Tucson CitizenTucson Citizen

My Tucson: Newspaper tale holds unhappy ending for prints charming

We’re in the middle of a digital revolution, and one of the victims may very well be the wonderful black and white and read all over item you’re reading right now.

Two of Southern Arizona’s beloved newspapers are closing up shop: The Tucson Citizen (founded by Charles Foster “Citizen” Kane in 1941) and the Vail Sun (founded by Gotham Gazette reporter Vicki Vale in 1948).

Actually, a little research uncovers that the Citizen dates back to the Arizona Citizen in 1870, making it the oldest newspaper in the state. The Sun was only slightly older than my infant son.

A large part of these failures is the economy. If you haven’t heard, our economy is in dire straits.

But there is a larger question: Can the print medium – newspapers, books, fortune cookies – continue to exist in these modern times?

I’ve heard many a person say that there will soon be no need for newspapers, magazines or books because everything will be digitalized.

And every time I hear this, I quickly place my hands over my ears, shouting, “La la la! I can’t hear you!” and run away in tears.

For how can this be? Has the younger generation no respect for something as wonderful as the printed word? These kids today with their Internets and their iPods and their “No more pencils, no more books!”

The pencil may have gone the way of the quill, but books and periodicals must remain alive and well.

There’s nothing like holding a book or newspaper and reading it left to right, like a real American.

When it’s nearly bedtime and you’ve put on your pajamas and your little sleeping cap – but maybe you’re not quite sleepy enough to hit the hay – there’s nothing like a good book to help you drift off to dreamland.

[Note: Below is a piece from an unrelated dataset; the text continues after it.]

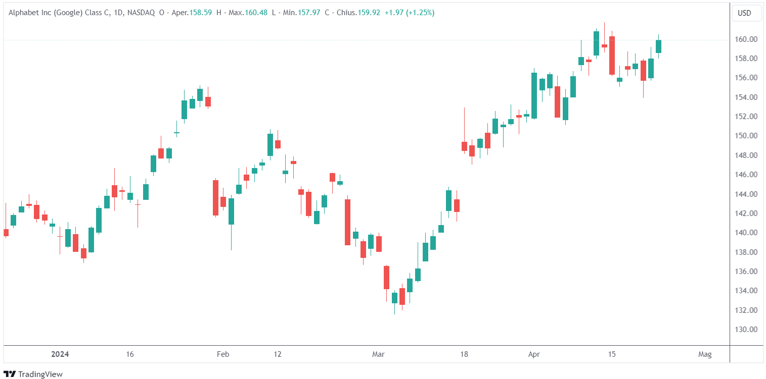 Nonostante un calo nel prezzo delle azioni a marzo, Alphabet ha mostrato un aumento del 10% nel 2023, trainato dall’ottimismo sulla sua strategia di intelligenza artificiale generativa. Tuttavia, la società madre di Google si trova ancora al di sotto di Microsoft, Apple e Nvidia nella capitalizzazione di mercato con 1,95 bilioni di dollari. Tuttavia, l’annuncio di un dividendo potrebbe contribuire ulteriormente a spingere la performance del titolo.

It’s so much better than counting sheep, especially if you have wool allergies.

And if you have to take public transportation, such as one of Tucson’s fine buses, what better way to pass that time than to read a wonderful book or a periodical? I usually do this out loud for the entire bus to hear.

Soon they’ll expect all of us to carry some device containing this week’s Weekly World News, the latest issue of Hustler and the Bible all on one hard drive.

I won’t stand for it. I grew up on the newspaper. I grew up loving black-and-white movies of the 1930s and 1940s, which were almost exclusively about newspapers in some way.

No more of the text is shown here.